Посредине между трагическим богоборцем и комическим нытиком оказывается у Андреева персонаж, приходящийся родным братом первому и идейным наследником второму: алкоголик и трагикомический философ абсурда. Недаром, кстати, сам автор (хотя и назвал пьесу «Савва») именно Тюху полагал «истинным героем этой драмы» (Андреев 1990, с. 549). Обратим внимание, что полное имя данного персонажа — Антон. Просторечная же его форма не только несет образ безвольности и вялости (по аналогии со словом «тюфяк»), но и ассоциируется с именем божества Тюхе, олицетворяющего судьбу как случайность и символизирующего изменчивость мира и неустойчивость всякой его формы (МНМ, т. 2, с. 515). Подобное «наследство» не случайно для героя Андреева, воплотившего наиболее близкую драматургу философскую позицию, — мир как хаос безумия, в котором люди не понимают друг друга и существуют лишь кривляющиеся «рожи»: «Рожи одни есть. Множество рож. Все рожи, рожи, рожи» (Андреев 1990, с. 379); «Слушай: никого нет. Никого, понимаешь? И Бога нет, и человека нет, и зверя нет. Вот стол — и стола нет. Вот свечка — и свечки нет. Одни рожи, понимаешь? Молчи! Молчи. Я очень боюсь.
Сперанский. Чего?
Тюха (близко наклоняясь). Помереть со смеху. <...> Увижу такую рожу и начну хохотать, хохотать и умру» (Там же, с. 411). Этот страшный момент действительно настает, когда Тюха в финале пьесы, стоя вместе со Сперанским на четвереньках, в звериной позе, рассматривает труп Саввы: «Сквозь все морщинки его лица, превращая его в хаос, проступает неудержимый последний смех. <...> Смех прорывается сквозь пальцы, растет, становится неудержимым и переходит в визг» (Там же, с. 441).
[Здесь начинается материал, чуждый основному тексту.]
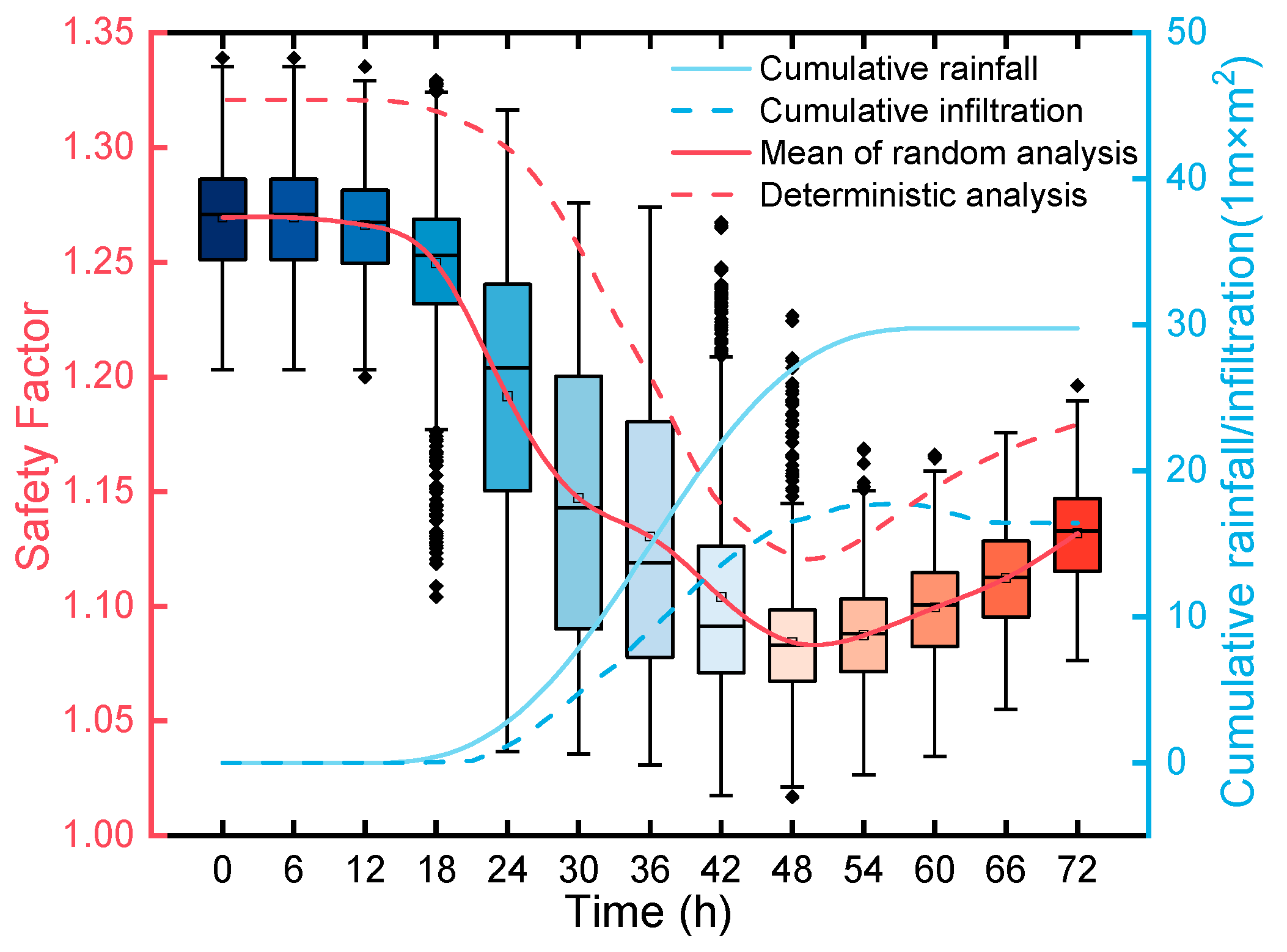 | Probabilistic methods: Neglect of time-varying effects | Dynamic simulation across distinct rainfall stages (e.g., initial infiltration, saturation, post-rainfall) tracks temporal evolution of safety factors and failure probability. |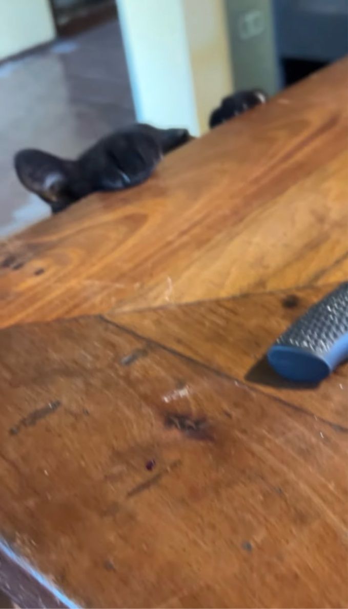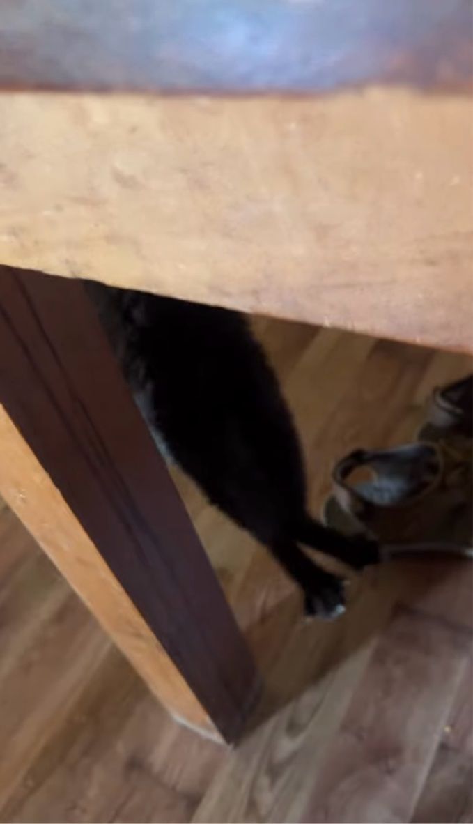 テーブルの端からひょっこり顔を覗かせているネコ。 必死な顔を浮かべて、一体何をしているのでしょうか??

Эпоха, в которую создавался «Ханский огонь», отчасти напоминала годы, когда была написана драма Андреева, — с той разницей, что абсурдность происходящего выразилась многократно сильнее. «Новые» люди, подобные андреевскому «голому», не желают помнить никакого родства с прежним миром. У князя Тугай-Бега, наоборот, есть лишь прошлое: всякое «сейчас» для него — это уже запредельное бытие. Словно Сперанский из пьесы «Савва», булгаковский персонаж теряет чувство реальности при виде самого себя в кавалергардском мундире на фотографии рядом с Николаем II: Не может быть, — громко сказал Тугай и оглядел громадную комнату, словно в свидетели приглашал многочисленных собеседников. — Это сон. — Опять он пробормотал про себя, затем бессвязно продолжал: — одно, одно из двух: или это мертво... а он... гот... этот... жив... или я... не поймешь... <...> По живой моей крови, среди всего живого шли и топтали, как по мертвому. Может быть, действительно я мертв? Я — тень? Но ведь я живу» (2, с. 397—398).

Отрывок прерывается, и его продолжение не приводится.